An additional potential advantage of isometrics over eccentrics is that isometric exercises promote much less muscle damage and soreness. Given that one of the main reasons eccentric hamstring exercises are poorly adhered to within sport—and therefore don’t reduce injury prevalence—is due to the high levels of soreness experienced, this makes isometric hamstring exercises a viable alternative.

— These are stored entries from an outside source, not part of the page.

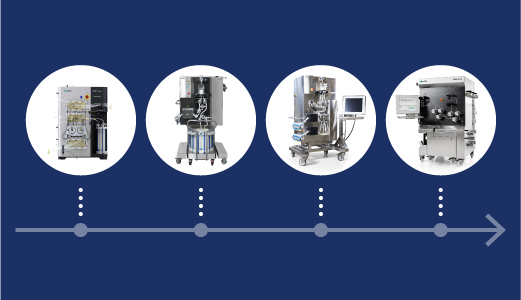 互換性のあるシングルユースクロマトグラフィーシステムのプラットフォームのため、スムーズなスケールアップをサポートします。ReadyToProcess™クロマトグラフィーカラムやタンジェンシャルフローフィルトレーションシステムと組み合わせて、シングルユース戦略による精製を実現できます。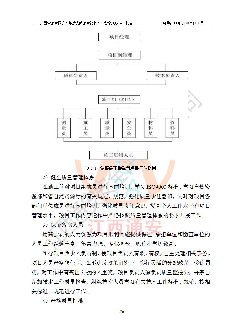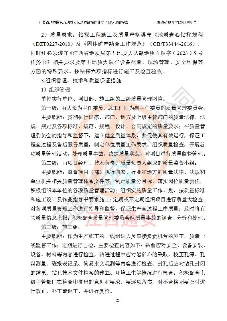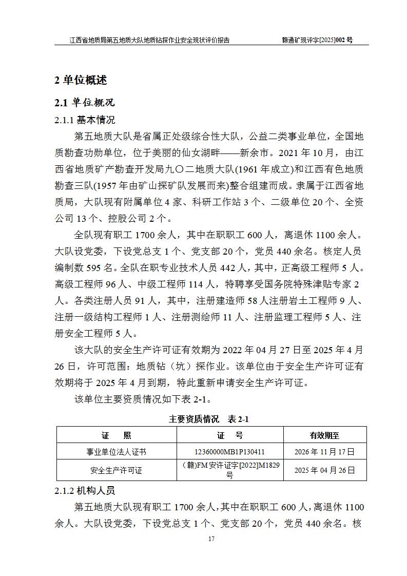 项目简介 | 江西省地质局第五地质大队(以下简称“第五地质大队”)是省属正处级综合性大队,公益二类事业单位,**地质勘查功勋单位,位于美丽的仙女湖畔——新余市。2021年10月,由江西省地质矿产勘查开发局九〇二地质大队(1961年成立)和江西有色地质勘查三队(1957年由矿山探矿队发展而来)整合组建而成。隶属于江西省地质局,大队现有附属单位4家、科研工作站3个、二级单位20个、全资公司13个、控股公司2个。 全队现有职工1700余人,其中在职职工600人,离退休1100余人。大队设党委,下设党总支1个、党支部20个,党员440余名。核定人员编制数595名。全队在职专业技术人员442人,其中,正高级工程师5人。高级工程师96人、中级工程师114人,特聘享受***特殊津贴专家2人。各类注册人员91人,其中,注册建造师58人注册岩土工程师9人、注册**结构工程师1人、注册测绘师11人、注册监理工程师5人、注册安全工程师5人。 该大队的安全生产许可证**期为2022年04月27日至2025年4月26日,许可范围:地质钻(坑)探作业。按照《安全生产法》、《矿山安全法》和《关于做好非煤矿山企业安全生产许可证延期换证工作的通知》等有关规定,该单位需要延期换证,换证前应进行安全现状评价。 | |||||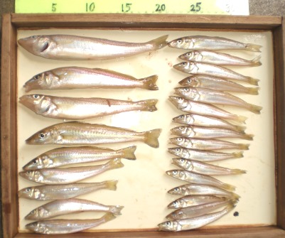 おはようございます。7月28日の日記です。まずはお詫びです。私のミスで土曜日の滋賀のTさんの釣果のアップを忘れていました。遅ばせながら記載させて頂きます。Tさん、本当に申し訳けありませんでした。釣果はキス45匹、他です。Tさんから丁寧なメッセージを頂いておりますのでご紹介します。***************************延べ竿5.4m1本で キス 45匹 テンコチ 4匹 ハゼ 12匹 でした。チャリコがとっても多くて、リリースしただけで20匹以上。イワシのボイルを昼過ぎに確認しました。サビキがあればイワシもいっぱいになったはず。寝屋川のHさんには出会えなかったけれど、釣りキチ三ちゃんとは途中合流して、情報交換。マゴチも見せてもらいました。数釣りなら本当に近場、型狙いなら100m以上の遠投と言う感じですね。***************************続いて寝屋川のHさんの釣果ですキス19センチを頭に25匹でした。いつもの事ながら小型の針かかりの良いのはリリースしての結果です。続いて東灘のアイさんです。21cmを頭に良型が揃ってます。ベラが好物でベラ狙いで某ポイントでキスが釣れたそうです。キスファンにとっては羨ましい限りです。最後はアジ、サバですが朝はアジが多かったのですが途中からサバ。回遊魚を釣るのは相手任せで難しいですね。写真は撮れてなくてごめんなさい。今日は定休日で11時までの営業ですので宜しくお願いいたします

So far, the evidence underpinning isometric hamstring exercises is limited, especially compared to the high-level evidence, including randomized controlled trials and meta-analyses, supporting the use of eccentric exercises. As such, from a strictly evidence-based perspective, we should be programming eccentric hamstring exercises as a method to reduce hamstring injury rates. However, from a pragmatic standpoint—and remembering that much of real-life coaching and sports science support has to be pragmatic—we have to consider whether isometrics would hold more real-world effectiveness if their uptake and adherence rates were greater, and whether the exercises themselves are effective.
As such, we need studies exploring the use of isometrics, both as a “predictor” of hamstring injury (i.e., is lower isometric hamstring strength associated with an increased risk of hamstring injury, and is this association stronger than with eccentric hamstring strength?), and as a means to reduce hamstring injury prevalence. Additionally—and this will be a major challenge—we need to attempt to better understand whether the hamstring muscle operates isometrically, as Bosch and Van Hooren claim, or eccentrically during the late swing phase of high-speed running.

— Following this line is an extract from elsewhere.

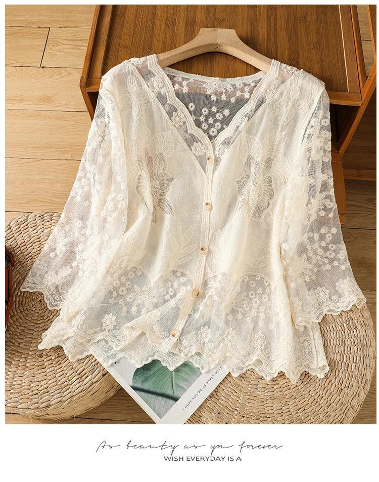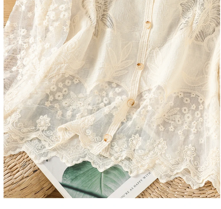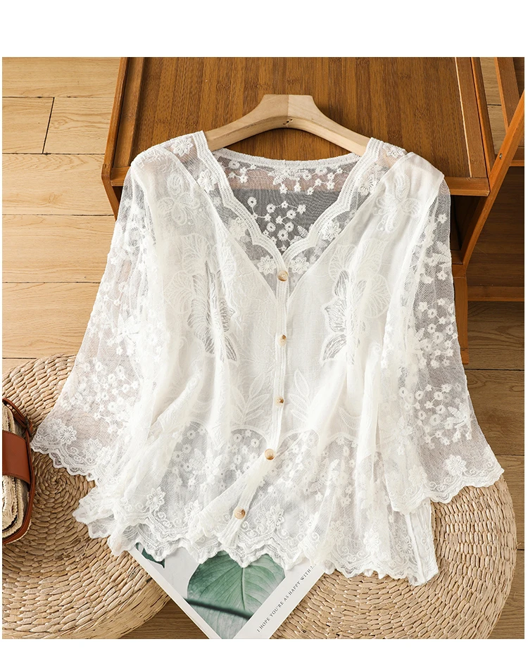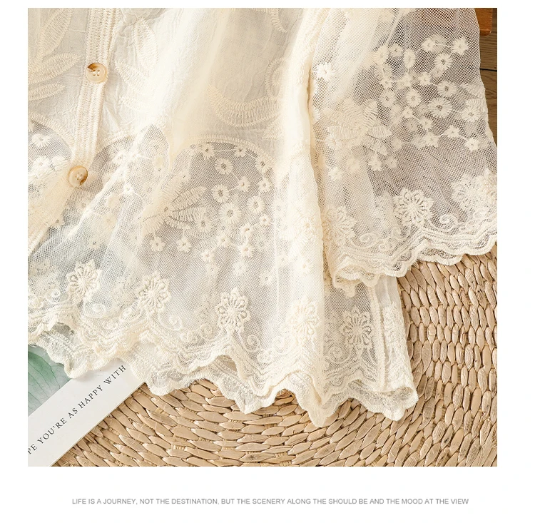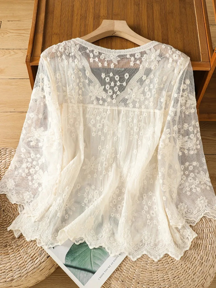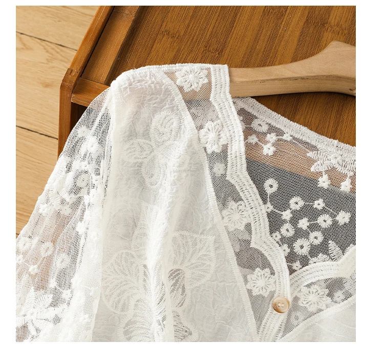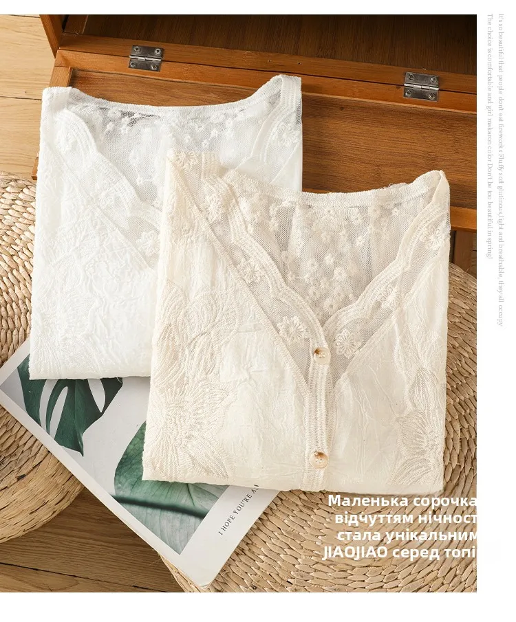 Lace Hollow out V-Ne Sun Protection irt Women's Summer Design Thin Cover up Fairy T Aosphere Ele Top

Finally, if isometric exercises are effective at reducing hamstring strain injuries, we need to view their adherence rates within the real world: Do teams utilizing isometric exercises have greater adherence and, as a result, fewer hamstring injuries than those utilizing eccentric exercises? Getting closer to the answer could have a large impact on the reduction of hamstring injuries, but, in the meantime, it’s probably best to program both into your injury prevention work.
Why Does This Matter?
Because hamstring injuries are so prevalent within sport, researchers have long attempted to understand how to reduce their occurrence. A great body of research suggests that eccentric hamstring exercises reduce the risk of hamstring injuries by increasing eccentric muscle strength and muscle fascicle length. However, recently some researchers have suggested that the hamstrings primarily act isometrically during the late swing phase of running, and as a result, we should be utilizing isometrically focused strength exercises to mitigate the risk of hamstring injury.Isometric hamstring exercises tend to cause less soreness, which should increase athlete adherence. Click To Tweet
This is an attractive option, because isometric hamstring exercises tend to cause less soreness, which will likely increase their adherence. As a result, a better understanding of the real-world effectiveness of isometrics versus eccentrics could have important implications on the risk of hamstring injury.